C 语言位操作技巧
连续内存取n bit
#include <stdio.h>
#include <stdint.h>
#include <assert.h>
#define bitmask(n) ((1ul << (n)) - 1)
/*
* 从ptr指向的内存开始,抽取第start个bit开始的连续n个bit
* 限制: n < 32
*/
uint32_t extract_bits(uint8_t *ptr, uint32_t start, uint32_t n)
{
uint32_t start_byte = start / 8;
uint32_t start_offset = start % 8;
uint32_t *pstart = (uint32_t *)(ptr + start_byte);
uint32_t end = start + n - 1;
uint32_t end_byte = end / 8;
uint32_t end_offset = end % 8;
uint32_t *pend = (uint32_t *)(ptr + end_byte);
uint32_t data = *pstart >> start_offset;
if (n > 32 - start_offset) {
/* 由于n < 32, 所以补齐*pend一定就够了,
* end_offset对齐到最后一位(n-1).
*
* 严谨性证明: n 一定> end_offset + 1
* 因为n > 32-start_offset ==> n > 25,
* 且end_offset + 1 < 9, 故得证
*/
data |= *pend << (n - end_offset - 1);
}
return data & bitmask(n);
}
void test_val(uint32_t val, uint32_t expect)
{
if (val != expect) {
printf("error: val: 0x%x, expect: 0x%x\n", val, expect);
}
assert(val == expect);
}
int main(void)
{
uint32_t vals[] = {0x11223344, 0x11223344};
uint32_t ret;
ret = extract_bits((uint8_t *)vals, 31, 30);
test_val(ret, 0x22446688);
printf("Test Passed!\n");
return 0;
}
一个数取连续n bit
/*
* 从一个数中取第start个bit开始的连续n个bit
*/
uint32_t extract_bits (uint32_t val, uint32_t start, uint32_t n)
{
return (val >> start) & bitmask(n);
}
判断一个数是否为2的幂
unsigned int v;
if ((v & (v - 1)) == 0)
printf("v is a power of 2\n");
else
printf("v is not a power of 2\n");
统计一个数的二进制中1的数量
依然是利用v & (v -1)的运算结果会将v的最低位的1(如果有的话)置0.
循环执行此操作就可统计v中1的数量.
int numberof1(int v) {
int count = 0;
while(v) {
count++;
v = v & (v -1);
}
return count;
}
将一个数向上取整为2的幂
用一个1一直左移, 直到比这个数大为止.
uint32_t roundup_pow_of_two(const uint32_t x) {
uint32_t ret = 1;
while (ret < x) {
ret = ret << 1;
}
return ret;
}
Linux内核中使用了一种更快的方案, amazing!!!
static __inline__ int generic_fls(int x)
{
int r = 32;
if (!x)
return 0;
if (!(x & 0xffff0000u)) {
x <<= 16;
r -= 16;
}
if (!(x & 0xff000000u)) {
x <<= 8;
r -= 8;
}
if (!(x & 0xf0000000u)) {
x <<= 4;
r -= 4;
}
if (!(x & 0xc0000000u)) {
x <<= 2;
r -= 2;
}
if (!(x & 0x80000000u)) {
x <<= 1;
r -= 1;1
}
return r;
}
static inline unsigned long __attribute_const__ roundup_pow_of_two(unsigned long x)
{
return (1UL << generic_fls(x - 1));
}
向上/向下对齐, 检查是否对齐
/* uintptr_t 代表指针的位数
* 加uintptr_t转换的原因是: (void *)不能进行运算
*/
#define IS_ALIGNED(X, align) (((uintptr_t)(const void *)(X)) % (align) == 0)

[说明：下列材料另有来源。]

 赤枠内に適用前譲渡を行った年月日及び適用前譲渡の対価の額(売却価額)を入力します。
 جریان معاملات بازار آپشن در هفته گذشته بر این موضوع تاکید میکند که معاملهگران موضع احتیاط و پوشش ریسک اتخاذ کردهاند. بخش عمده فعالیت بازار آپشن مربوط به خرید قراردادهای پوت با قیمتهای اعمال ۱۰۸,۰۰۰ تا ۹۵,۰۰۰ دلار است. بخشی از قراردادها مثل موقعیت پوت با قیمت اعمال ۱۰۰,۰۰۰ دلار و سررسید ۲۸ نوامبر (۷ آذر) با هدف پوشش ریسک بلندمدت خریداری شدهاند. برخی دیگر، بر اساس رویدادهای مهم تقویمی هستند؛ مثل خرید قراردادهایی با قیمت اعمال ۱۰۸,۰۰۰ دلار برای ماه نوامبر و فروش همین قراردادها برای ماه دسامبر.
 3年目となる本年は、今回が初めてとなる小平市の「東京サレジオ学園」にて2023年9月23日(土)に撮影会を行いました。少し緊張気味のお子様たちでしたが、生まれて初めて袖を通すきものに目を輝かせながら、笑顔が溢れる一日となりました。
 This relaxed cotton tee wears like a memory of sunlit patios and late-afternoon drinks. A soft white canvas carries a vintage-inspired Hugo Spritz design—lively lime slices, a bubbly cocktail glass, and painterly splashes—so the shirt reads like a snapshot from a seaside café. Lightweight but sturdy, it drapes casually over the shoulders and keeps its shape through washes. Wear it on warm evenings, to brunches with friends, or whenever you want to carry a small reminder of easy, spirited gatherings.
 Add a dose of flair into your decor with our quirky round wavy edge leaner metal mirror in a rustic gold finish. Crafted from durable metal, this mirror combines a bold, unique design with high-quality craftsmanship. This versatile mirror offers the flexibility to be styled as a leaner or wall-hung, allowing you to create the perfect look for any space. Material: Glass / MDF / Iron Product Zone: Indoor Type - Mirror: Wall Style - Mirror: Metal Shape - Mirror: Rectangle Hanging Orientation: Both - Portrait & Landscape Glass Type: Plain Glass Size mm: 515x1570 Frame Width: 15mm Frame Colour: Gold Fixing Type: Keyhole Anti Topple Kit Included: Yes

#define ALIGN_UP(X, align) (((X) + ((align) - 1)) & ~((align) - 1))
#define ALIGN_DOWN(x, align) ((X) & ~((align) - 1))
#define X (0x12345675)
#define align (1 << 2)
int main()
{
int v = IS_ALIGNED(X, align);
if (0 == v) {
printf("Given X(0x%x) is not align to 0x%08x\n", X, align);
printf("After align up, new X = 0x%x\n", ALIGN_UP(X, align));
printf("After align down, new X = 0x%x\n", ALIGN_DOWN(X, align));
} else {
printf("Give X(0x%x) is aligned to 0x%08x\n", X, align);
printf("After align up, new X = 0x%x\n", ALIGN_UP(X, align));
printf("After align down, new X = 0x%x\n", ALIGN_DOWN(X, align));
}
return 0;
}
检查两个有符号数是否异号
int x,y;
if ((x ^ y) < 0)
printf("They have opposite signs\n");
else
printf("They have same signs\n");
大小端转换
对某个位的get/set/clear操作
#define GET_BIT(x, bit) ( ((x) & (1ULL << (bit))) >> (bit) )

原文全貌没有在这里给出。